(300e) Chain Transfer to Polymer Reactions In Thermal Polymerization of Methyl Acrylate: Computational Study

In the past sixty years, North American regulations on volatile organic content (VOC) of coatings have been driving changes in basic nature of resins in the paint and coatings industries [1, 2], to replace high molecular weight, non-functional polymer solutions with low molecular weight, high functionalized polymer solutions [3]. High-temperature free-radical polymerization involves a large set of complex competing reactions.

Chain transfer to polymer during free-radical polymerization can lead to the formation of mid-chain radicals and highly branched polymers [4]. The formation of mid-chain radicals, and short and long chain branches at different initial monomer concentration was studied using nuclear magnetic resonance spectroscopy in free-radical solution polymerization of n-butyl acrylate [5]. Recently, a macroscopic model with new rate expressions for inter- and intra-molecular transfer to polymer was used to determine the overall polymerization rate, average chain length, and level of branching in thermal polymerization of n-butyl acrylate [6]. However, the mechanism of chain transfer to polymer and the location of the radical center on a polymer chain is not yet well understood.  

Previous studies [6-11] have shown the successful use of computational quantum chemistry to better understand self-initiation and propagation reactions in polymerization systems.
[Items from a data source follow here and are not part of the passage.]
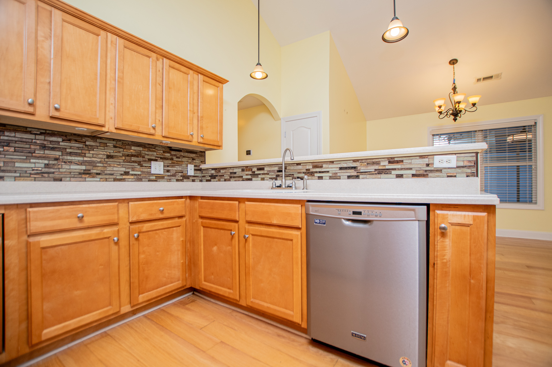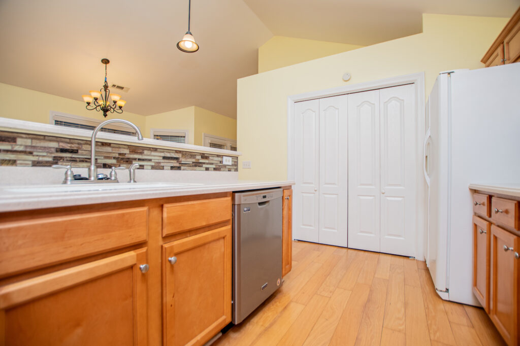 Inside, you’ll find a thoughtful, open layout with the primary bedroom on the main level, spacious living areas, and natural light throughout. The home features hardwood and tile flooring, a comfortable great room, and a functional kitchen that flows easily into the dining space—perfect for everyday living or entertaining.
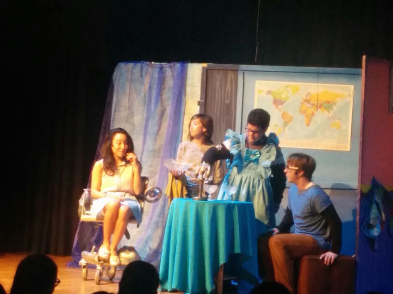La representación teatral, ya compleja en sí por realizarla chicos y chicas jóvenes, no profesionales, conllevaba la dificultad de ser íntegramente en idioma inglés. Para los asistentes no fue un problema, puesto que previamente a cada escena una voz en off, describía la escena y por otro la expresividad y buen hacer de nuestros actores y actrices, facilitaba captar lo que ocurría en el escenario para todos aquellos que desconocen el inglés. Además, contó con la interpretación de dos magnificas canciones en directo que aportaron una nota de originalidad y frescura a la representación.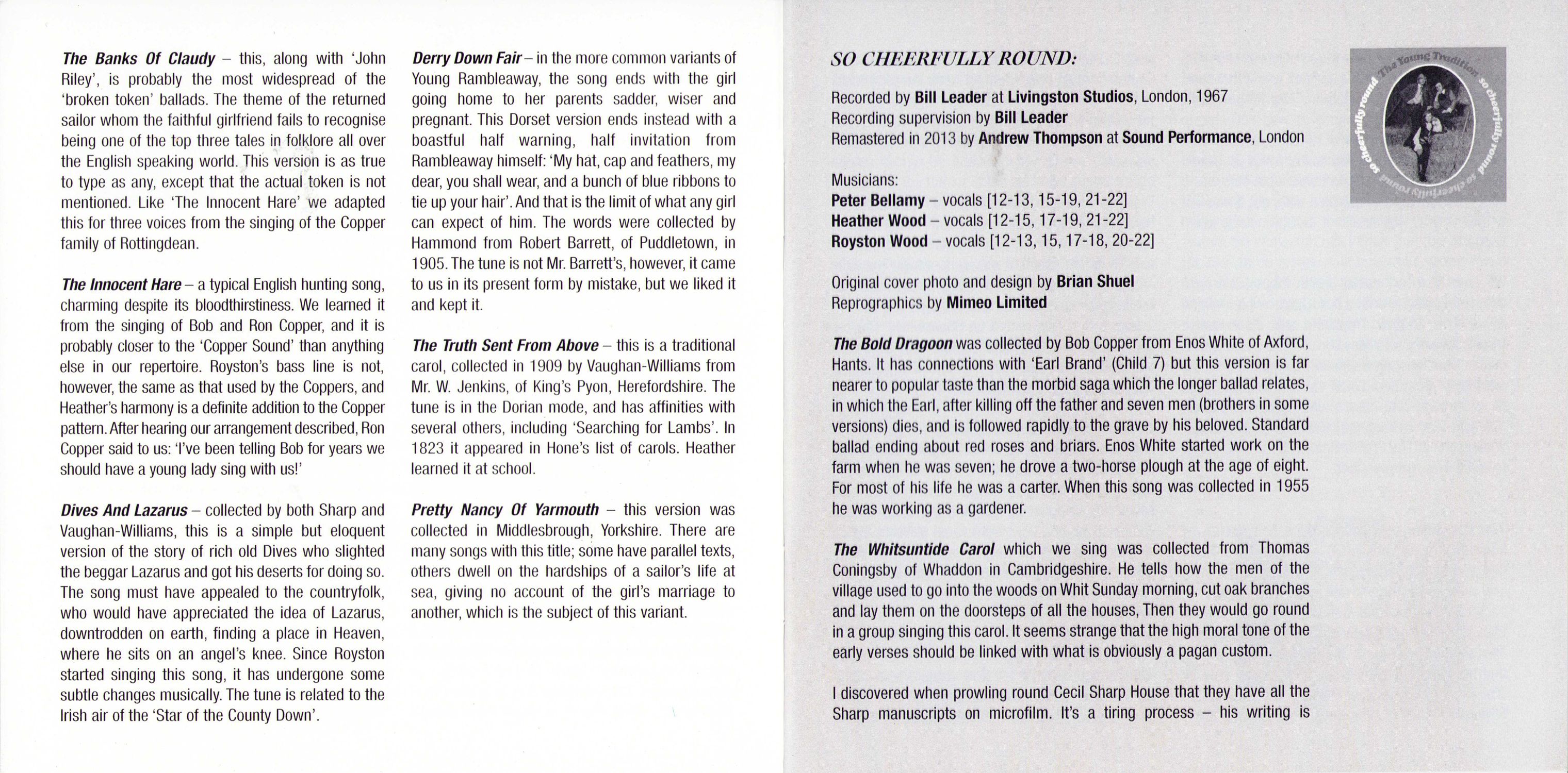 Appearing at clubs, concerts and festivals, The Young Tradition's reputation was bolstered considerably through radio spots on programmes like BBC's Folk On Sunday. Soon it was time for a new album, and The Young Tradition's second album, So Cheerfully Round {TRA 155), was released in 1967. Produced by Bill Leader, the album again was based on traditional material but with two contemporary songs: Watercress-O by Derbyshire singer/songwriter/melodeon player Roger Watson, and a setting of Judith Pieppe's The Hungry Child. It had guest appearances from Dave Swarbrick and two additional violinists, Rod Skeaping and Adam Skeaping, while Dolly Collins contributed additional vocals. Again, traditional material formed the backbone of the album with songs like Daddy Fox (a variant on the American folk song The Fox Went Out On A Chilly Night), The Bold Dragoon and The Old Miser, and ballads like Knight William and the closing Whitsuntide Carol. Bruce Eder described So Cheerfully Round as "a more fully produced recording than their debut, adding to the vocal and instrumental richness of the trio's sound."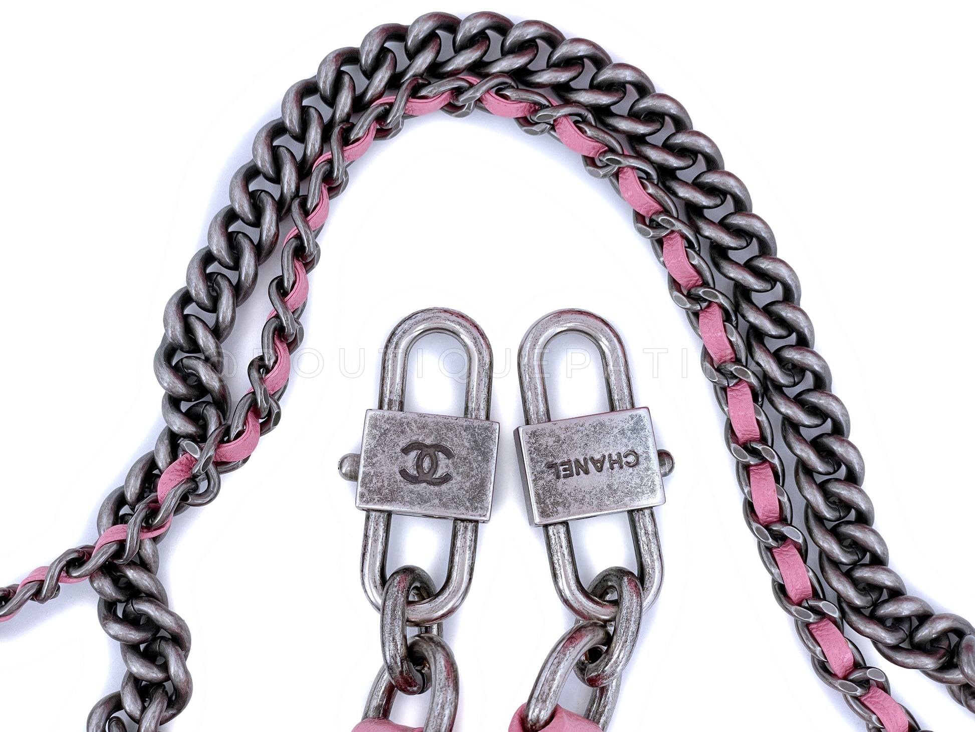 The bag has a detachable adjustable leather shoulder strap and an ornamental double chain, one woven with pink goatskin and the other more a bijoux-style chain.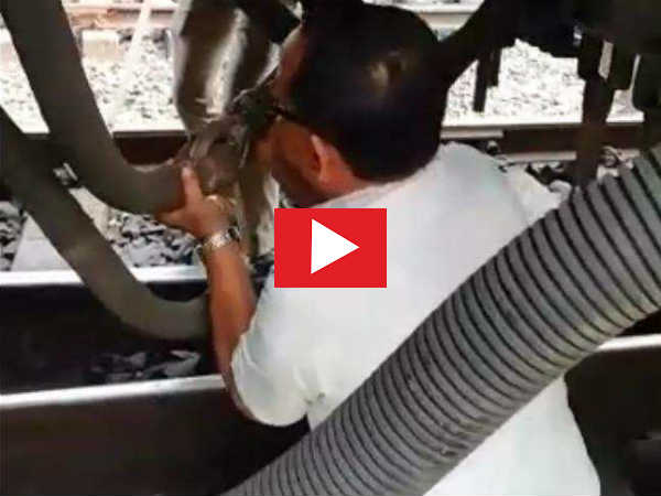 VIDEO: डिब्बों के बीच पाइप जोड़ रहा था गार्ड, तभी ड्राइवर ने चला दी ट्रेन, ऐसे बची जान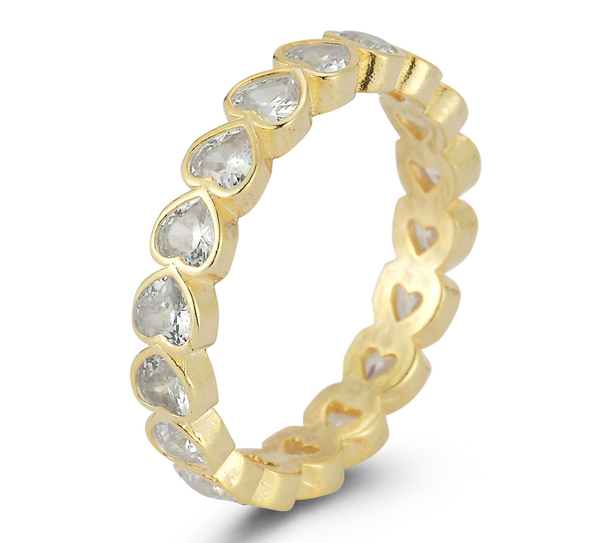 Bezel-set, heart-shaped cubic zirconia; eternity style band
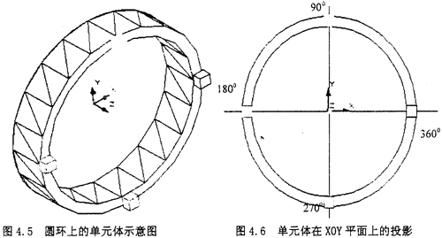 在像膠右端面圓環(huán)上取單元體,且在分析過程中時取關鍵的四個象限點的位置作為研究對象,分別為90°,180°,270°,360°位置為研究對象。后面的徑向不對中、角向不對中以及綜合不對中也采用相同的4個位置進行分析。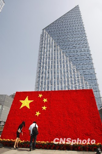 两万朵玫瑰绢花编织"五星红旗"迎国庆60周年(3)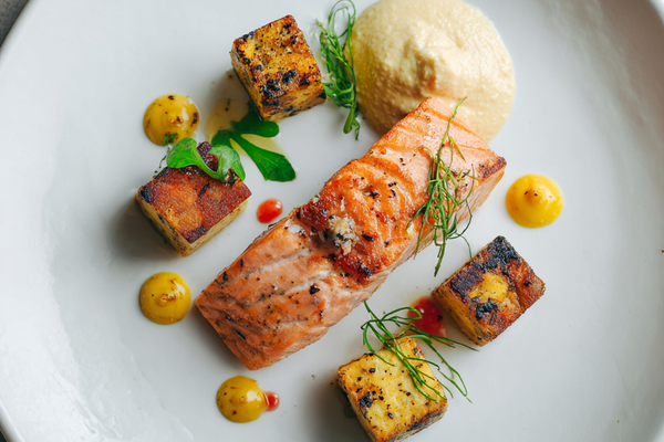 סלמון אטלנטי מבושל (85 גרם) מספק 16.8 גרם חלבון, בתוספת אומגה 3, ברזל, ויטמין A ו-D.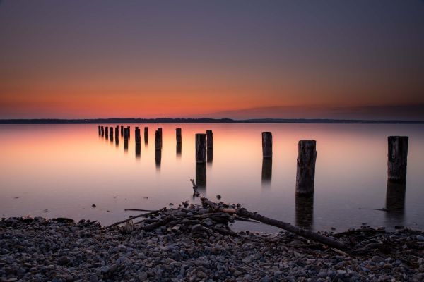 Een adembenemende afbeelding van een roze rustige strand met paalhoofden.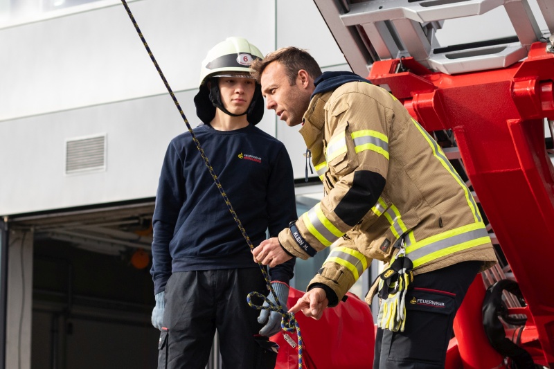 Sechs Teilnehmer aus mehreren Abteilungen der Freiwilligen Feuerwehr Heidelberg haben den Umgang mit dem Absturzsicherungsset erlernt.

Before this study there was no computational study of the mechanism of chain transfer to polymer reactions in self-initiated high-temperature free-radical polymerization of alkyl acrylates.

This paper presents a computational study of chain transfer to polymer reactions in self-initiated high temperature polymerization of methyl acrylate. Energy barriers and rate constants of chain transfer to polymer reactions are predicted using density functional theory calculations. Pathways for the reactions of interest are determined through intrinsic reaction coordinate calculations. The effects of polymer chain length on energy barriers and rate constants of the reactions are also determined.

References:

[1] Superintendent of Documents, Title 1, US Government Printing Office, Washington, DC, 1990, p.1.

[2] Superintendent of Documents, Clean Air Act Amendments of 1990, Title 111, US Government Printing Office, Washington, DC, 1990, p.236.

[3] Adamsons, K.; Blackman, G.; Gregorovich, B.; Lin, L., Matheson, R.; Oligomers in the Evolution of Automotive Clearcoats : Mechanical Performance Testing as a Function of Exposure, Progress in Organic Coatings 1998, 34, 64-74.

[4] Lovell, P.A.; Shah, T.H.; Heatley, F.; Chain Transfer to Polymer in Emulsion Polymerization of n-Butyl Acrylate Studied by Carbon -13 NMR Spectroscopy and Gel Permeation Chromatography, Polym. Commun. 1991, 32, 98-103.

[5] Ahmad, N.M.; Heatley, F.; Lovell, P.A.; Chain Transfer to Polymer in Free-Radical Solution Polymerization of n-Butyl Acrylate Studied by NMR Spectroscopy, Macromolecules, 1998, 31, 2822-2827.

[6] Nikitin, A.N.; Hutchinson, R.A.; Kalfas, G.A.; Richards, J.R.; Bruni, C.; The effect of Intramolecular Transfer to Polymer on Stationary Free-Radical Polymerization of Alkyl Acrylates, Macromolecular, 2009, 18, 247-258.

[7] Heuts, J.P.A.; Gilbert, R.G.; Radom, L.; A Prior Prediction of Propagation Rate Coefficients in Free Radical Polymerizations: Propagation of Ethylene, Macromolecules, 1995, 28, p. 8771-81.

 [8] Khuong, K.S.; H. Jones, W.H.; Pryor, W.A.; Houk, K.N.; The Mechanism of Self-Initiated Thermal Solution of a Classic Problem, J. Am. Chem. Soc. 2005. 127, 1265-77.

[9] Yu, X.; Pfaendtner, J.; Broadbelt, L.J.; Ab Initio Study of Acrylate Polymerization Reactions: Methyl Methacrylate and Methyl Acrylate Propagation, J. Phys. Chem. A. 2008, 112, 6772-82.

[10] Srinivasan, S.; Lee, M.W.; Grady, M.C.; Soroush, M.; Rappe, A.M.; Computational Study of the Self-Initiation Mechanism in Thermal Polymerization of Methyl Acrylate, J. Phys. Chem. A 2009, 113, 10787-94.

[11] Srinivasan, S.; Lee, M.W.; Grady, M.C.; Soroush, M.; Rappe, A.M.; Self-Initiation Mechanism in Spontaneous Thermal Polymerization of Ethyl and n-Butyl Acrylate: A Theoretical Study, J. Phys. Chem. A 2010, 114, 7975-83.